10. The development of the prevailing economic system has reached a point where that system must be recognized as a public danger—as shown, among other things, by the recent large-scale work stoppages. Consequently, the German Social Party considers it a patriotic duty to push for a modern reordering of occupational relationships. We must seriously consider working under the aegis of, and in tandem with, state authority, in order to convert the commercial joint-stock corporations in the key branches of production into cooperative enterprises; we must also consider nationalizing and gradually paying off mortgages recorded in the land register.

11. Concomitant to this, an organic transformation of our public and private system of law has to take place. German legal principles—respect towards the person for his or her own sake and for the sake of the state’s continued existence—have to replace Roman law, which is concerned with mere titles of tenure. Until that goal is achieved, however, the glaring hardships suffered by broad circles of our population must not continue without remedy.

12. The Antisemitic German Social Party champions the reduction of court costs, especially lawyers’ fees; the elimination of mandatory representation by lawyers; the protection of private persons against insults and abuse by the opposing legal counsel in court; the abolition of mintage privileges for private persons and societies; the nationalization of the joint-stock corporation called the “Reichsbank”; the thorough reform of the stock market; and new regulations regarding mortgages and compulsory auctions.

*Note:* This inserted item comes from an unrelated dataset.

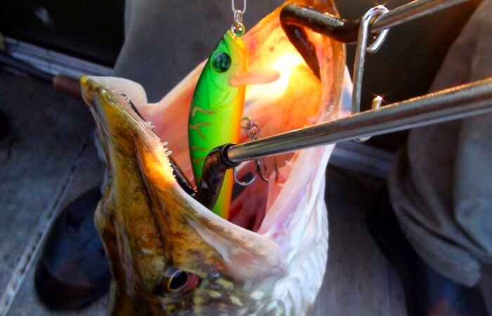 Раздел: Снасти для ловли рыбы Багорики бывают разборные и цельные (сейчас в магазинах каких только нет), разборные намного удобней - я пользуюсь таким. Крупная рыба — особенно хищная, заглатывает крючок с наживкой очень глубоко и вытащить его без специальных приспособлений для рыбной ловли, не очень то и легко. Если вытаскивать крючок руками, то можно сильно поранить пальцы, потому что почти у всех хищников (особенно у щуки) зубы острые, как бритва. Специально для таких целей есть приспособления для рыбной ловли, которые называются зевник (пружина, которая держит пасть рыбы открытой) и экстрактор (длина его до 20 см, похож на вилку с двумя зубцами - для удаления крючка), всё это можно найти в рыболовных магазинах. Зевник в пасть рыбы нужно вставлять так: одной рукой надавить слегка на жабры, что бы её рот чуть приоткрылся, а другой рукой сдавить кончики зевника и всунуть в приоткрывшийся рот рыбе и после этого отпустить зевник (силы пружины зевника хватит, что бы удерживать рот открыты

13. With respect to the question of artisanal trades, the Antisemitic German Social Party advocates abolition or restriction of unbridled freedom of trade and supports the introduction of the obligatory qualification certificate [Befähigungsnachweis] for anyone wishing to pursue an artisanal trade as an employer.

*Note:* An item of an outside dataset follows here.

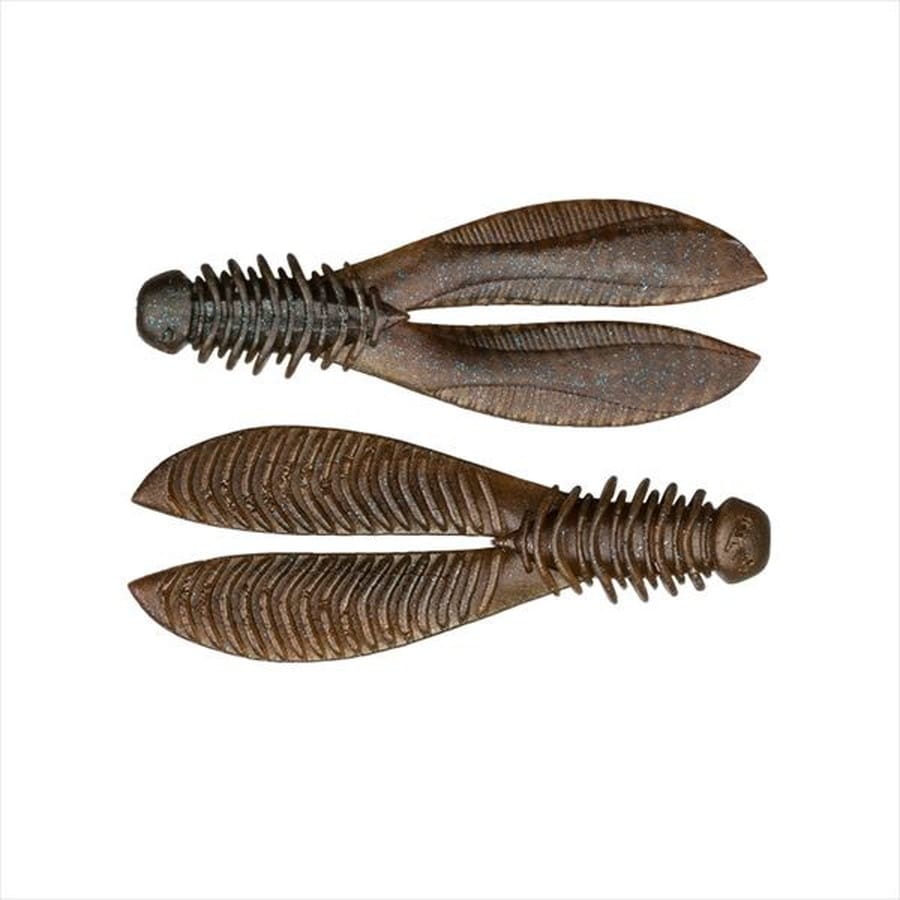 ボディ全体に掘られたリブが水を掴み、強く水を動かし存在をアピールします。テール裏のリブは放置していても僅かな水流を捉え揺らめき、フィネスなアプローチを可能にします。縫い刺しで使用する事で、アクション時やバイト時にトレーラーが針先に巻き込まれフッキングを妨げるリスクを低減します。やや細めのテール設計でカバーに対するすり抜けが抜群。リブの恩恵でボディ全体で水を受け、アクション時の抵抗感を生み出し移動距離を抑え、誰でも魚を呼ぶことのできるジグストアクションを演出可能です。

14. The merchant class must be protected against unfair competition by means of a revision of bankruptcy law, the restriction of the peddling trade, a ban on discount bazaars and installment transactions, the tightening up of fraud statutes against false advertising, misleading estimates, and the mixing and adulteration of goods. Jewish merchants must not become members of the chambers of commerce.

15. The farming class needs protection by way of a reduction of property taxes, court fees, and stamp taxes for contracts on real estate and changes of title; it needs protection against land speculators (carving up estates) and usurers by means of effective usury laws that specify the maximum admissible interest rate and include an obligation to compensate exploited debtors; and it needs protection, by means of effective stock market legislation, against the fluctuations of grain prices induced by stock-market speculation.

16. Direct purchasing from farmers and businesspeople, eliminating the entire system of middlemen, has to be further developed and extended to all other provisions of goods to the state.

17. The Antisemitic German Social Party is not so shortsighted as to reject all colonial policy as unsuccessful because of a few setbacks; it believes, however, that the acquisition of healthy territories that afford good living conditions for Germans is more important than the establishment of trading outposts and plantations.

18: The Antisemitic German Social Party puts high priority on a principled renunciation of the borrowing system used by state financial administrations, so that Germany will be spared the influence of Jewish big capital on governments, which is already emerging in the most detrimental way in other countries. We demand a progressive income- and inheritance tax on the basis of self-assessment, with severe penalties for those who submit false details about their personal property.

Source: Antisemitische Korrespondenz, vol. 4, no. 53 (June 23, 1889); reprinted in Felix Salomon, ed., Die deutschen Parteiprogramme, vol. 2, Im Deutschen Kaiserreich 1871–1918, ed. Wilhelm Mommsen and Günther Franz, 4th ed. Leipzig and Berlin: B. G. Teubner, 1932, pp. 1418.